DATA SUPPLIED —
▬▬▬
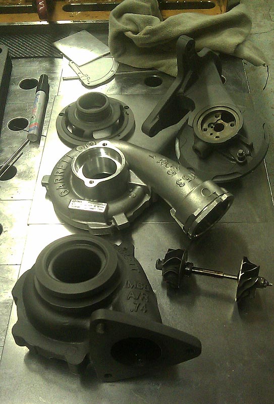 Eilen meni puol iltaa kaverin kellarissa sen turbokokoelmaa läpikäydessä. Neljä ahdinta todettiin paskoiks ja ne meni romukeräykseen. Mersun tuplaturbosarja-ahdinhässäkkä todettiin soivaks peliks(tosin se on vaihdettu koska ahdin äänti) ja ei sit kaveri suostunutkaan sitä mulle myymään. Lisäks olin jo valmis lähtee tekee 2x 1,6TDI VNT tuplaturboa, mut todettiin toteutus puutteellisten tallitilojen takia liian hankalaks. Haalin sit itselleni VW Transportterista löytyvän 2,5TDI(130hv) koneen ahtimen itselleni. Eli siis Garrettin GTB1749V VNT-ahdin kyseessä. Kyseisestä ahtimesta on jotain hienon hienoa hilua tullut läpi, josta pienen pientä jälkeä pakoturbiinissa ja VNT-siivissä, muttei mitään vakavaa. Joku asentajatohlo onnistunut katkomaan pultin pakolaippaan ja kaveritohlo meni katkoo yhden pienen VNT:n ruuvin ahtimen runkoon. Todennäköisesti on aivan liian pieni tuohon koneeseen, mutta tuskin laitan tuosta isompaa ellei ahdin ala ahdistamaan matkavauhdissa(85-90km/h) liikaa=lämmöt nousee. Herääpähän todennäköisesti ennen kuin jalka varsinaisesti ehtii kaasuun koskemaan. 617 turbon vakioahdin on kuitenkin tuosta pienempää kaliberia ettei nyt ihan tajuttomasti voi ahdistaa vaikkei tällä mihinkään ST-tehoihin päästäkkään. Tehotavoite 150hv ja vitusti alavääntöä(eli siis mukava käyttöpeli ja todennäköisesti metsässäkään tuosta alaväännöstä ei ainakaan haittaa ole)... =) Tänään tuli viitisen tuntia puuhasteltua turbon parissa koululla(josta tosin varmaan 2h puhuin paskaa vanhojen formulatiimikavereiden kanssa =). Rautaosat puhaltelin hiekalla puhtaaks purkamisen jälkeen ja alumiinille näytin messinkinharjaa(kiillottaa mukavasti karheen valunkin). Lisäks näytin rälläkkää tolle alkuperäiselle öljyjalalle(kiinnitty koneen kylkeen). Paljastu sellainen ongelma, että öljyn sisääntulokanava on D-muotoinen ja aivan reunassa. Pitänee täs joku päivä plaanata toi suoraks ja hieman jyrsiä öljykavanaa keskemmälle. Sit vaan 5-10mm plootua(riippuu mitä löytyy hyllystä) puikolla kiinni ahtimen runkoon. Lopuks uus reikä öljyn sisääntulolle. Onneks oon vielä koulussa niin on fasiliteetit harrastaa... =) |
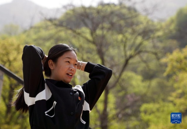 陈晓丽在帮村民胡金英干活前扎起头发(4月18日摄)。新华社记者 李安 摄
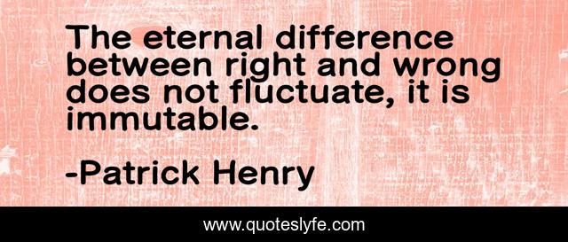 This page presents the quote "The eternal difference between right and wrong does not fluctuate, it is immutable.". Author of this quote is Patrick Henry. This quote is about right-and-wrong, sin, morality,.
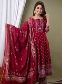 Women's Rayon Printed Anarkali Kurti with Pant and Dupatta Set
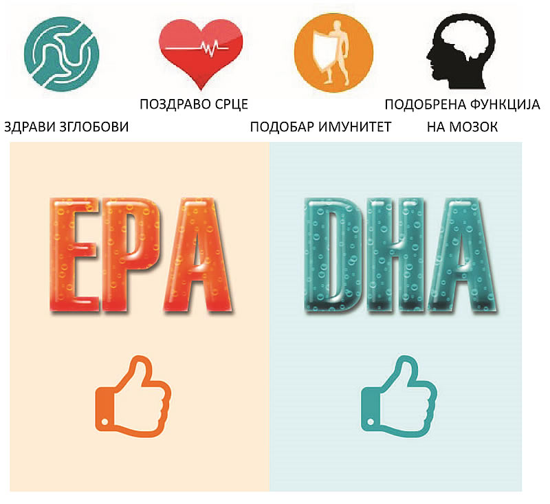 Станува збор за полинезаситените масни киселини EPA/DHA. Нивните полни имиња се навистина комплицирани, па доволно е да се запомнат под овие скратеници и да ги препознаете на продуктите кои во иднина ќе ги употребувате. Овие масни киселини се есенцијални, што значи дека нашето тело не може само да ги произведе и затоа мора да ги внесуваме преку исхраната.
▬▬▬
TASK TO COMPLETE — All that is needed is the lines from the line holding "Women's Rayon Printed" to the final line of the listing above, repeated exactly, pictures excluded.

EXERCISE RESULT —
 Women's Rayon Printed Anarkali Kurti with Pant and Dupatta Set
 Станува збор за полинезаситените масни киселини EPA/DHA. Нивните полни имиња се навистина комплицирани, па доволно е да се запомнат под овие скратеници и да ги препознаете на продуктите кои во иднина ќе ги употребувате. Овие масни киселини се есенцијални, што значи дека нашето тело не може само да ги произведе и затоа мора да ги внесуваме преку исхраната.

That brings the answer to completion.